A voice laughs maniacally. Logan Paul sways his hips. Swipe down. A voice laughs maniacally. Two college-age men, both shirtless, grab their crotches and sway. Swipe. A voice laughs maniacally. Miley Cyrus lip-syncs along with the lyrics “Stupid boy think that I need him.”
This was the experience of being on TikTok in the fall of 2019. While that grating laugh seemed, at first, to belong to the app, you could discover, with some research, that it came from the mouth of Ashton Casey, an artist who raps—under the alias Ashnikko—about clits and cutting off dicks like she’s writing the script for the next Human Centipede movie. Within just three weeks of its first upload, her song “stupid,” featuring Yung Baby Tate, was the No. 2 most-used song on TikTok with 1.3 million video uses. And in the months that followed, “stupid” became inextricable from the TikTok experience. You couldn’t scroll through the app without hearing “Wet! Wet! Wet!”
On TikTok, it’s common to hear the same song over and over. If a sound inspires one user to create a video with it, it will inspire another and another, until it amasses hundreds, then thousands, of videos that use the same sound. It’s a kind of exposure that reaches far beyond the capability of radio, YouTube, Spotify, or any other music-discovery platform, past or present.
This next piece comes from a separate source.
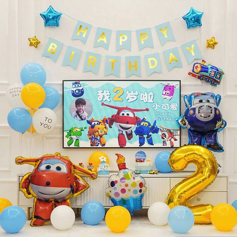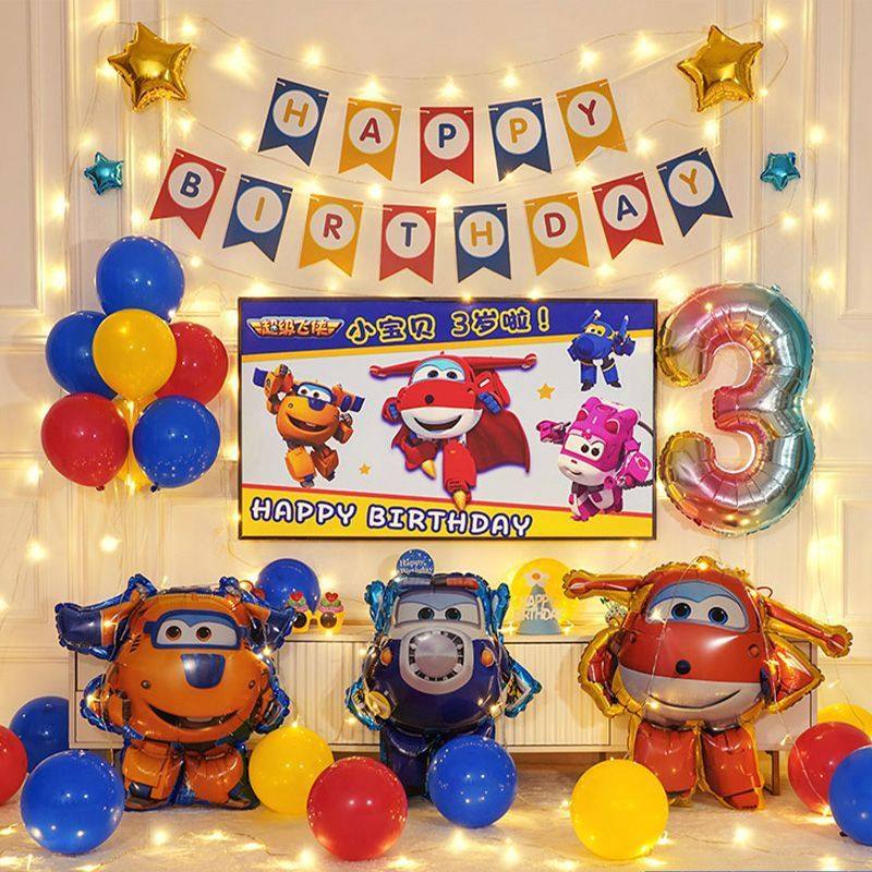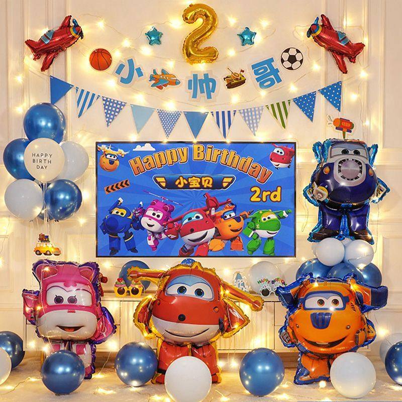 超级飞侠生日气球装饰主题派对场景布置三2岁儿童男孩背景墙宝宝6

When the short form audiovisual app launched internationally in September 2017, TikTok was a punch line to a joke about “kids these days.” Hardly a year later, it became the world’s most downloaded app, and today it holds an unprecedented power over the music industry. Kids these days no longer wish to just listen to music; they want to create on top of it, and artist development has shifted accordingly. It’s uncommon for major labels to sign talent without a significant social media following or a history of impressive performance metrics, but on TikTok, a new user theoretically has the same chance of going viral as Miley Cyrus does. And owing to the app’s reactive nature, it is uniquely suited to spreading popular music at a rate that confounds record labels—or, sometimes, any analysis at all.
Unlike obvious TikTok panderers like Justin Bieber, Ashnikko appeals to users of the platform because she presents something that seems impossible to engineer: an impression of not being watched. In the social media panopticon, a lack of inhibition is aspirational, and she cackles, gurgles, and screams in her songs. Her style can seem at times formulaic, a nexus of current fashion trends—industrial, Y2K, cyberpunk, space faerie, anime fantasy. But even as there’s something slightly trollish to everything she does, it’s all undergirded with a sense of humor. (“Pee pee poo poo saved my life,” she tweeted recently.)